■ Recorded information

⁂

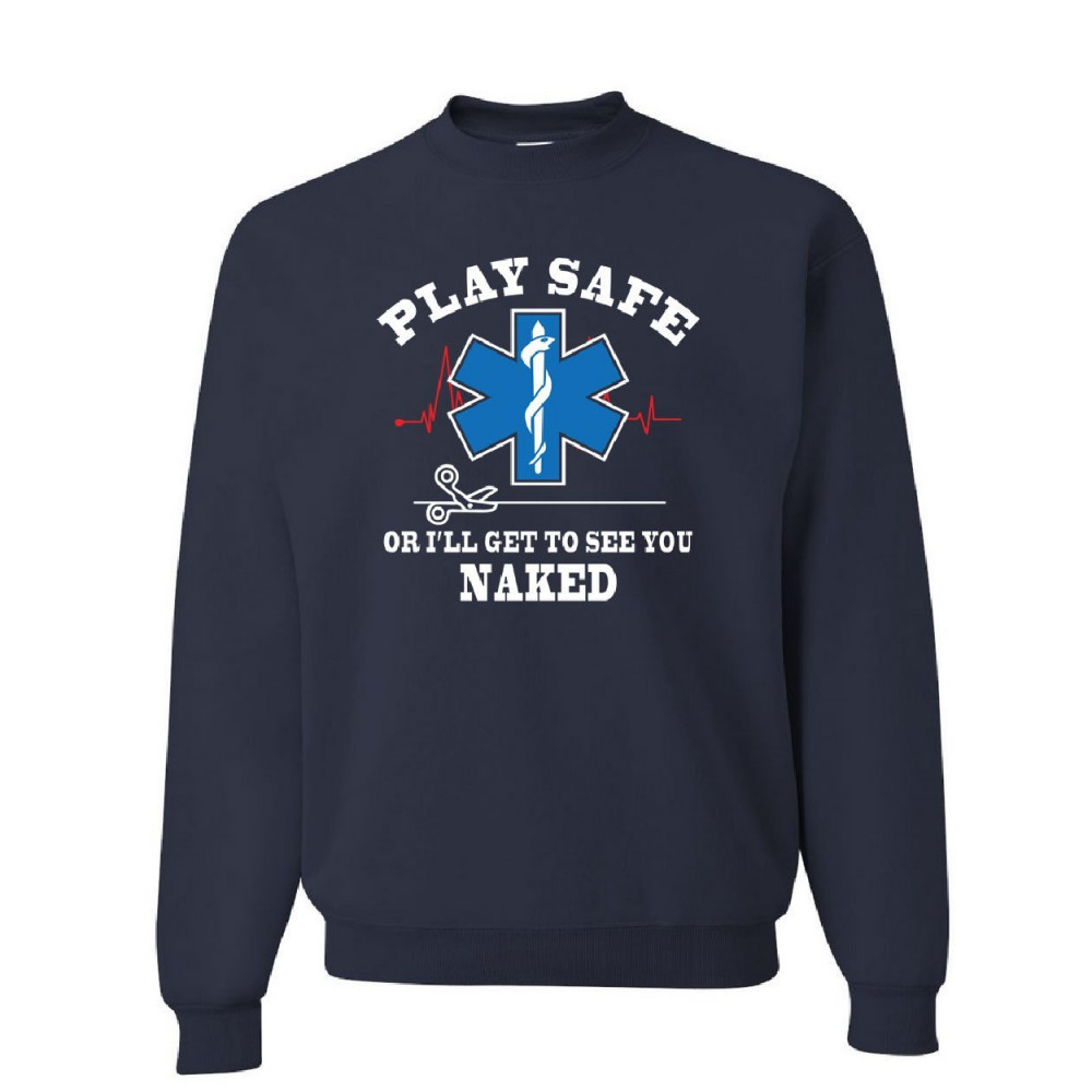 EMS PLAY SAFE OR I'LL GET TO SEE YOU NAKED sweatshirt paramedic sweater navy blue
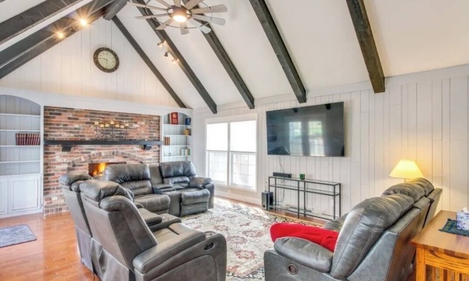 Treat your family to a memorable Kansas retreat and make this 4-bedroom, 3-bath Lenexa vacation rental your next home away from home! This property features an A-frame living area with a Smart TV, a fully equipped kitchen, large dining room and access to the area’s most popular attractions. Get outside and enjoy a morning exploring the Overland Park Farmers’ Market! Traveling with kids? Visit the animals at the Kansas City Zoo. Or just relax with the whole family at this peaceful place to stay.
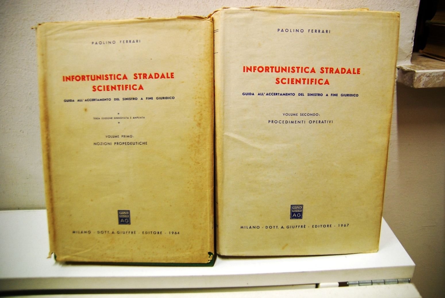 P. Ferrari Infortunistrica stradale scientifica 2 vol.. Giuffrè 1967 Buona Rilegato .
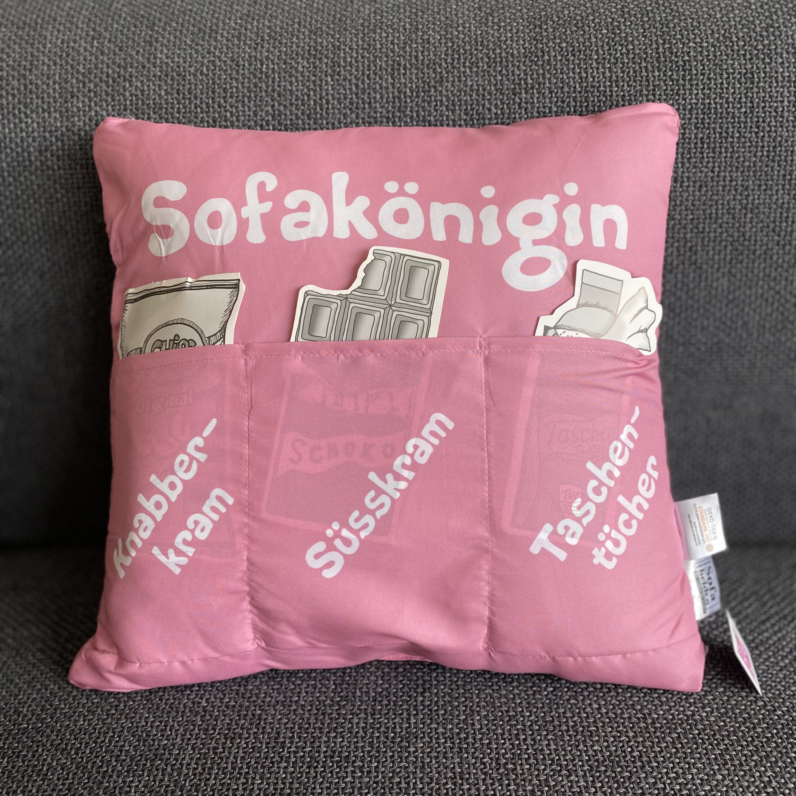 Kissen “SOFAKÖNIGIN” mit drei Taschen zum Befüllen: KNABBERKRAM, SÜSSKRAM, TASCHENTÜCHER

⁂

■ What to work on
Only the lines from the line with "Treat your family" to the bottom of the material above should be reproduced, exactly and without pictures.

■ Task solution
 Treat your family to a memorable Kansas retreat and make this 4-bedroom, 3-bath Lenexa vacation rental your next home away from home! This property features an A-frame living area with a Smart TV, a fully equipped kitchen, large dining room and access to the area’s most popular attractions. Get outside and enjoy a morning exploring the Overland Park Farmers’ Market! Traveling with kids? Visit the animals at the Kansas City Zoo. Or just relax with the whole family at this peaceful place to stay.
 P. Ferrari Infortunistrica stradale scientifica 2 vol.. Giuffrè 1967 Buona Rilegato .
 Kissen “SOFAKÖNIGIN” mit drei Taschen zum Befüllen: KNABBERKRAM, SÜSSKRAM, TASCHENTÜCHER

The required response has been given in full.